1. The Way Gym says:

    I remember when this video first came out. Master Wong was sooo very convincing. So we tried it out in class. It works if your ‘opponent’ is throwing a straight jab cross on target, but as soon as they add any movement or timing or pressure or additional/varied strikes it became useless.
    Admittedly we only tried it the once and I’m sure with practice it could be better, but definitely not something we trusted enough to continue bothering with. The chances of pin point elbow accuracy under pressure are very low!

  2. The Fire Dragon says:

    Boxers also move the head. You wouldn't want to try an open handed strike to a boxers neck. You are far more likely to break your hand on their skull.
    I teach Wing Chun among other styles. Wing Chun can teach a student balance, aggression, trapping and make them comfortable at 1/4 distance, but otherwise it is not at all a good art by itself. Kempo is far superior, boxing is superior, most arts are superior. If you learn Wing Chun and already know another style there are some decent things to learn, and the wooden dummy is a fun way to train and condition the arms. If Wing Chun is all that you train then don't get in any fights. You will lose.
    I have an old video on my channel of Robert Griffon working on the dummy. He broke only the arm techniques into 9 segments and would just stand there dialing people's phone numbers on the dummy. Amazing to watch but here's a fun story. He got in a fight in the bar and he was so focused on the guy he was fighting that he never saw the bar stool coming from behind. He got knocked out and then had his head stomped by 2 guys. If your art doesn't teach you to look around as you fight, or if it focuses only on 1 attacker, you are likely going to meet the same fate.
    Edited some crap spelling

  3. Fighting Student says:

    You recognize how pathetic it is to critizise traditional styles and martial artists (because that is what they are – artists) like dk yoo or eaven Master Wong. Are you guys jealous because of their success or because of their fanbase? Whats in it for you to bully people you havent ever met. No manners sorry…

  4. Ronin 6 says:

    I much prefer Boxing punches for many reasons, but one of them is that I find Wing Chun punches to be more exhausting, and I find they are just uncomfortable and awkward. On top of that, a lot of Wing Chun practitioners tend to be taught to move forward, with no angles or other footwork, resulting in a series of punches that even an untrained brawler could defend with his forearms pressed together. (I recognize that this is a type of guard used in boxing, and that Mike Tyson had his own way of doing it often called "Peek-a-boo," but I've seen untrained guys do it, but implement it poorly, so I don't think it's fair of me to call it by the proper term in this case as what I'm trying to describe is a pale imitation.)

    If someone just started trying to chain-punch you like that, you could easily just pivot to the outside and punch him straight in the side of the head, again even if you aren't a Boxer. While all martial arts are a skill to be mastered and honed over one's lifetime, I feel that it's the ones that work with and build off of a person's instincts and the most effective use of their natural weapons that tend to survive as effective fighting methods.

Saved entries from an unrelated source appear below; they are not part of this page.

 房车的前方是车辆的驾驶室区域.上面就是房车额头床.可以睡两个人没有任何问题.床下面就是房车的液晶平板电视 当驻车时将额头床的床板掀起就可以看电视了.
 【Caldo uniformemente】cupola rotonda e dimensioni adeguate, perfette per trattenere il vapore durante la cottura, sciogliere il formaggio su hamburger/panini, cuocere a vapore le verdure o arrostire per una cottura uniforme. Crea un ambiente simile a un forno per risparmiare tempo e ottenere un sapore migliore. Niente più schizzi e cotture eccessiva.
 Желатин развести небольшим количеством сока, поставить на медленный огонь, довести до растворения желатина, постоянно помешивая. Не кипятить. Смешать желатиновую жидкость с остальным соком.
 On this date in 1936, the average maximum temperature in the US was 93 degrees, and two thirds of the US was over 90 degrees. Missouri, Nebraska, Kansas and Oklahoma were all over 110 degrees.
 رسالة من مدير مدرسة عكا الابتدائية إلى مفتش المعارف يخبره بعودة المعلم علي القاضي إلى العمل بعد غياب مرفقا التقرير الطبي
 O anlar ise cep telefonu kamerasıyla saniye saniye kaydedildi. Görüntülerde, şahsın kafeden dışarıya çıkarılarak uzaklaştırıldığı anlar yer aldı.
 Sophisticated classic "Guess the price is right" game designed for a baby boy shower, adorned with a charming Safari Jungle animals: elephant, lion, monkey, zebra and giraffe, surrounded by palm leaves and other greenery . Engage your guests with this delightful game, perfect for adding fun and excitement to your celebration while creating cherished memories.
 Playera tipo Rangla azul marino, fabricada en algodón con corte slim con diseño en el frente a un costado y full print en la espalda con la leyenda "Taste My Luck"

I love Kung Fu and many other traditional martial arts, but at the same time, I think that many of them are no longer as effective for fighting as they were long ago, and Wing Chun is one of them.

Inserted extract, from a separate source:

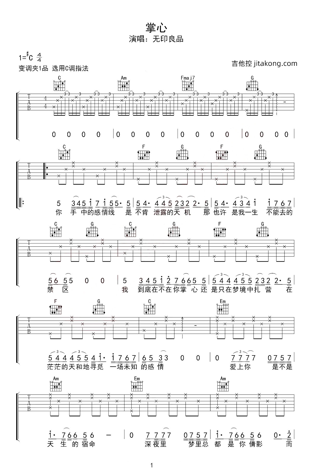 掌心吉他谱 - 无印良品 - C调吉他弹唱谱 - 原版
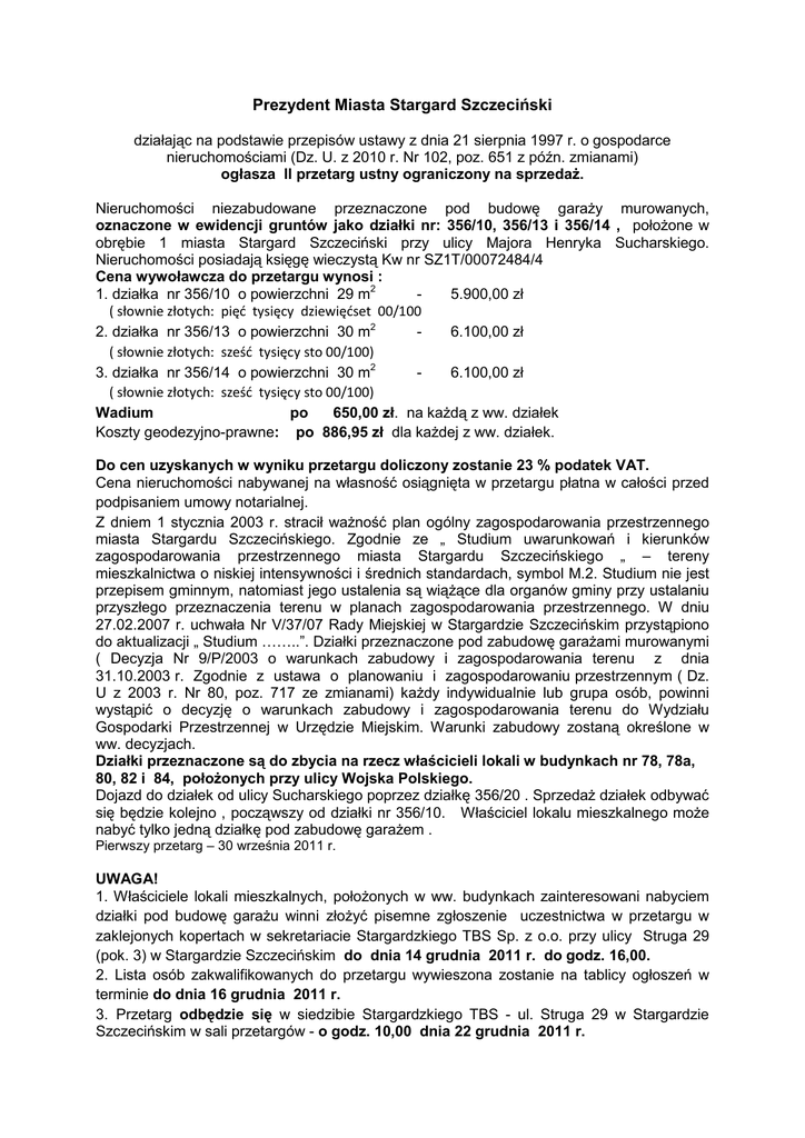 Prezydent Miasta Stargard Szczeciński działając na podstawie przepisów ustawy z dnia 21 sierpnia 1997 r. o gospodarce nieruchomościami (Dz. U. z 2010 r. Nr 102, poz. 651 z późn. zmianami) ogłasza II przetarg ustny ograniczony na sprzedaż. Nieruchomości niezabudowane przeznaczone pod budowę garaży murowanych, oznaczone w ewidencji gruntów jako działki nr: 356/10, 356/13 i 356/14 , położone w obrębie 1 miasta Stargard Szczeciński przy ulicy Majora Henryka Sucharskiego. Nieruchomości posiadają księgę wieczystą Kw nr SZ1T/00072484/4 Cena wywoławcza do przetargu wynosi : 1. działka nr 356/10 o powierzchni 29 m2 5.900,00 zł ( słownie złotych: pięć tysięcy dziewięćset 00/100 2. działka nr 356/13 o powierzchni 30 m2 6.100,00 zł ( słownie złotych: sześć tysięcy sto 00/100) 3. działka nr 356/14 o powierzchni 30 m2 6.100,00 zł ( słownie złotych: sześć tysięcy sto 00/100) Wadium po 650,00 zł. na każdą z ww. działek Koszty geodezyjno-prawne: po 886,95 zł dla każdej z ww. działek. Do cen uzyskanych w wyniku przetargu doliczony zostanie 23 % podatek VAT. Cena nieruchomości nabywanej na własność osiągnięta w przetargu płatna w całości przed podpisaniem umowy notarialnej. Z dniem 1 stycznia 2003 r. stracił ważność plan ogólny zagospodarowania przestrzennego miasta Stargardu Szczecińskiego. Zgodnie ze „ Studium uwarunkowań i kierunków zagospodarowania przestrzennego miasta Stargardu Szczecińskiego „ – tereny mieszkalnictwa o niskiej intensywności i średnich standardach, symbol M.2. Studium nie jest przepisem gminnym, natomiast jego ustalenia są wiążące dla organów gminy przy ustalaniu przyszłego przeznaczenia terenu w planach zagospodarowania przestrzennego. W dniu 27.02.2007 r. uchwała Nr V/37/07 Rady Miejskiej w Stargardzie Szczecińskim przystąpiono do aktualizacji „ Studium ……..”. Działki przeznaczone pod zabudowę garażami murowanymi ( Decyzja Nr 9/P/2003 o warunkach zabudowy i zagospodarowania terenu z dnia 31.10.2003 r. Zgodnie z ustawa o planowaniu i zagospodarowaniu przestrzennym ( Dz. U z 2003 r. Nr 80, poz. 717 ze zmianami) każdy indywidualnie lub grupa osób, powinni wystąpić o decyzję o warunkach zabudowy i zagospodarowania terenu do Wydziału Gospodarki Przestrzennej w Urzędzie Miejskim. Warunki zabudowy zostaną określone w ww. decyzjach. Działki przeznaczone są do zbycia na rzecz właścicieli lokali w budynkach nr 78, 78a, 80, 82 i 84, położonych przy ulicy Wojska Polskiego. Dojazd do działek od ulicy Sucharskiego poprzez działkę 356/20 . Sprzedaż działek odbywać się będzie kolejno , począwszy od działki nr 356/10. Właściciel lokalu mieszkalnego może nabyć tylko jedną działkę pod zabudowę garażem . Pierwszy przetarg – 30 września 2011 r. UWAGA! 1. Właściciele lokali mieszkalnych, położonych w ww. budynkach zainteresowani nabyciem działki pod budowę garażu winni złożyć pisemne zgłoszenie uczestnictwa w przetargu w zaklejonych kopertach w sekretariacie Stargardzkiego TBS Sp. z o.o. przy ulicy Struga 29 (pok. 3) w Stargardzie Szczecińskim do dnia 14 grudnia 2011 r. do godz. 16,00. 2. Lista osób zakwalifikowanych do przetargu wywieszona zostanie na tablicy ogłoszeń w terminie do dnia 16 grudnia 2011 r. 3. Przetarg odbędzie się w siedzibie Stargardzkiego TBS - ul. Struga 29 w Stargardzie Szczecińskim w sali przetargów - o godz. 10,00 dnia 22 grudnia 2011 r. 4. Wadium w wyżej określonej wysokości winno wpłynąć na konto Stargardzkiego TBS Sp. z o.o. w Banku PEKAO S.A. I O/Stargard Nr 10124039011111000042204466 najpóźniej w dniu 19 grudnia 2011 r. 5. Warunkiem udziału w przetargu jest okazanie dowodu wpłaty wadium. 6. O wysokości postąpienia decydują uczestnicy przetargu, z tym że wysokość postąpienia nie może być niższa niż 1 % ceny wywoławczej. 7. Wyniki przetargu podlegają zatwierdzeniu przez Prezydenta Miasta Stargard Szczeciński. 8. Wpłacone wadium przez uczestnika, który wygra przetarg zalicza się na poczet ceny nabycia nieruchomości, pozostałym uczestnikom wpłacone wadium zostanie zwrócone niezwłocznie po zatwierdzeniu protokołu z przetargu przez Prezydenta Miasta Stargard Szczeciński. 9. Organizator przetargu zawiadomi osobę ustaloną jako nabywcę nieruchomości o miejscu i terminie zawarcia umowy notarialnej. Jeżeli osoba ustalona jako nabywca nieruchomości nie stawi się bez usprawiedliwienia w miejscu i terminie podanym w zawiadomieniu, organizator przetargu odstąpi od zawarcia umowy, a wpłacone wadium nie podlega zwrotowi. 10. Nabywca przejmuje nieruchomość w stanie istniejącym. 11. Koszty zawarcia aktu notarialnego w całości ponosi nabywca nieruchomości. 12. Prezydent Miasta Stargard Szczeciński ma prawo odwołania przetargu w przypadku uzasadnionej przyczyny. Dodatkowe informacje można uzyskać: w Urzędzie Miejskim w Stargardzie Szczecińskim ul. Stefana Czarnieckiego 17, pok. nr 112 (telefon 091/578 34 91, 578 57-04); w Stargardzkim TBS Sp. z o.o. ul. Struga 29, pokój nr 13 (tel. 091/578-27-59 )

    Some arts should be relegated to the past and be considered more so for exercising and maintaining one's physical health, and it took me a long time in my life to come to that realization. Many people grew up idolizing martial artists and what we see in movies and such, and I grew up that way too, so it was a huge pill to swallow, but I eventually did come to the realization that some arts just don't mesh well with how people fight in a modern-day situation, especially when it comes to a street fight.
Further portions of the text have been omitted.